_WHAT YOU NEED TO DO_. Each line below must be reproduced exactly, though the pictures are to be dropped.

_GIVEN MATERIAL_.
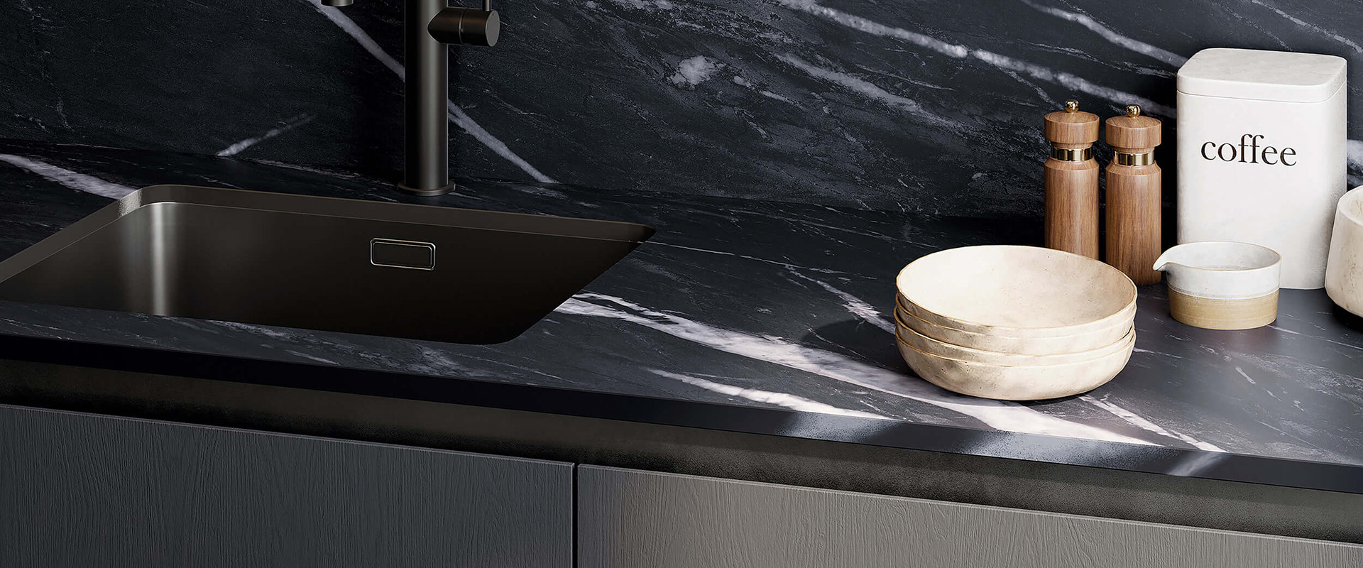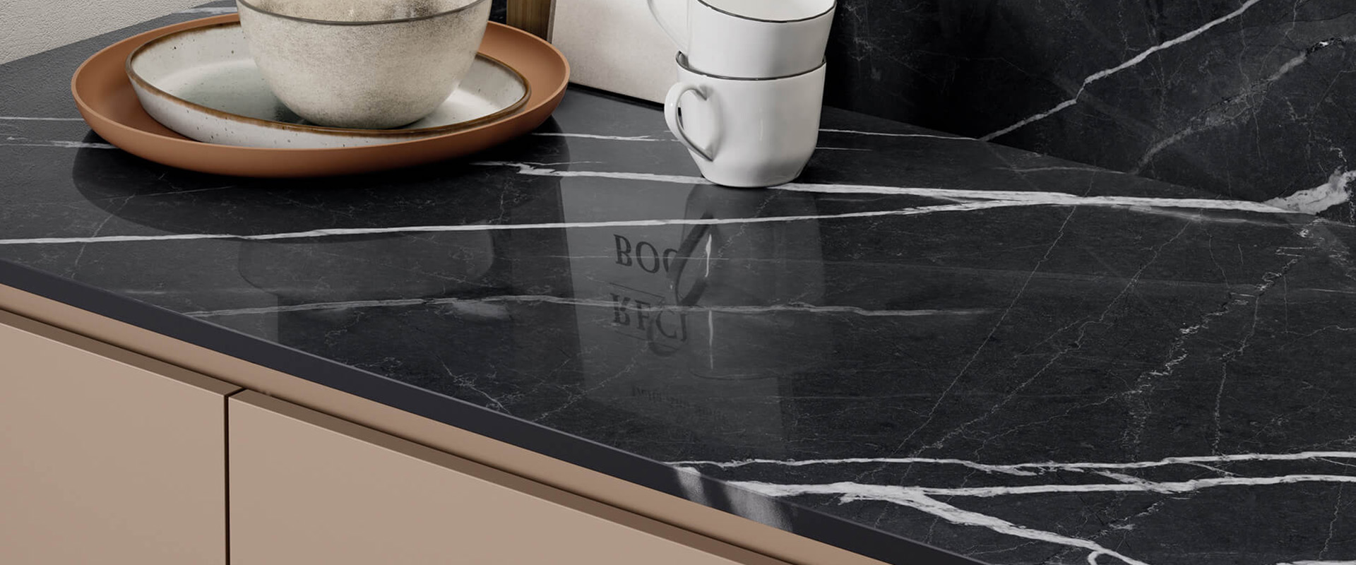 適用於高端住宅、奢華酒店、精品會所等場域,無論是應用於 地坪鋪設、背景牆、廚房檯面或傢俱點綴,皆能為空間注入深邃優雅的氛圍,締造簡約而非凡的視覺體驗。
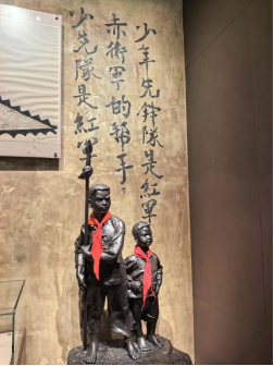 在井冈山革命博物馆的展厅中,有一组雕像格外引人注目。铜黑色的雕像上,竟系着两条鲜艳得略显突兀的红领巾。这背后有着什么样的故事呢?
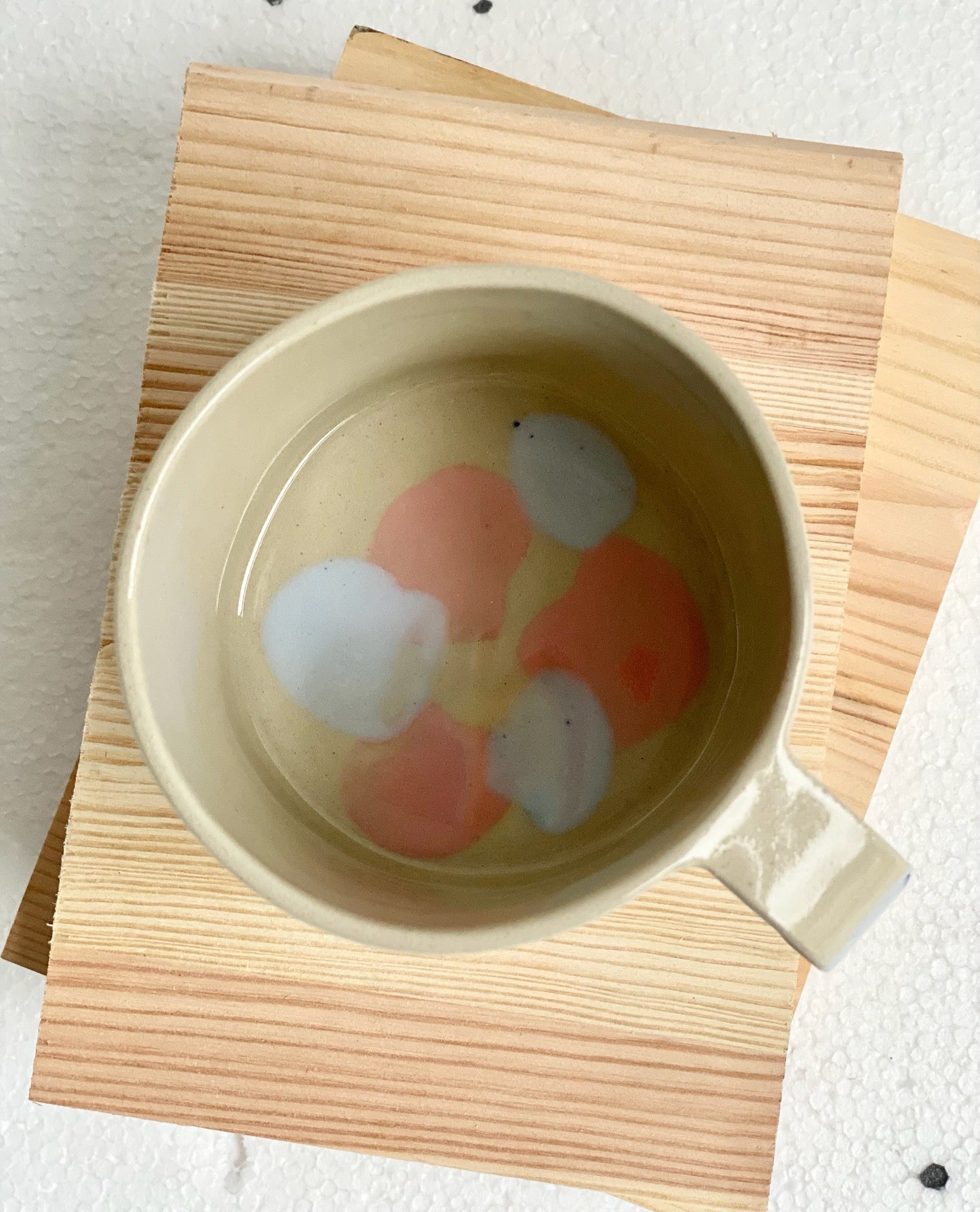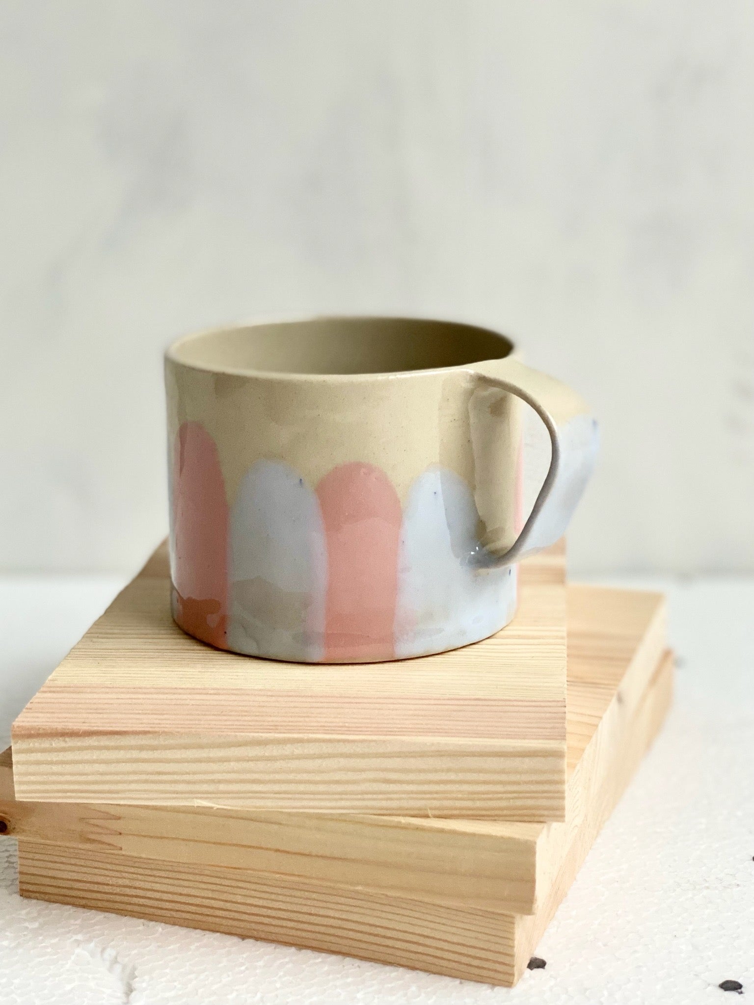 Tekopp i stengodslera, randig pastellblå/rosa

_TASK SOLUTION_.
 適用於高端住宅、奢華酒店、精品會所等場域,無論是應用於 地坪鋪設、背景牆、廚房檯面或傢俱點綴,皆能為空間注入深邃優雅的氛圍,締造簡約而非凡的視覺體驗。
 在井冈山革命博物馆的展厅中,有一组雕像格外引人注目。铜黑色的雕像上,竟系着两条鲜艳得略显突兀的红领巾。这背后有着什么样的故事呢?
 Tekopp i stengodslera, randig pastellblå/rosa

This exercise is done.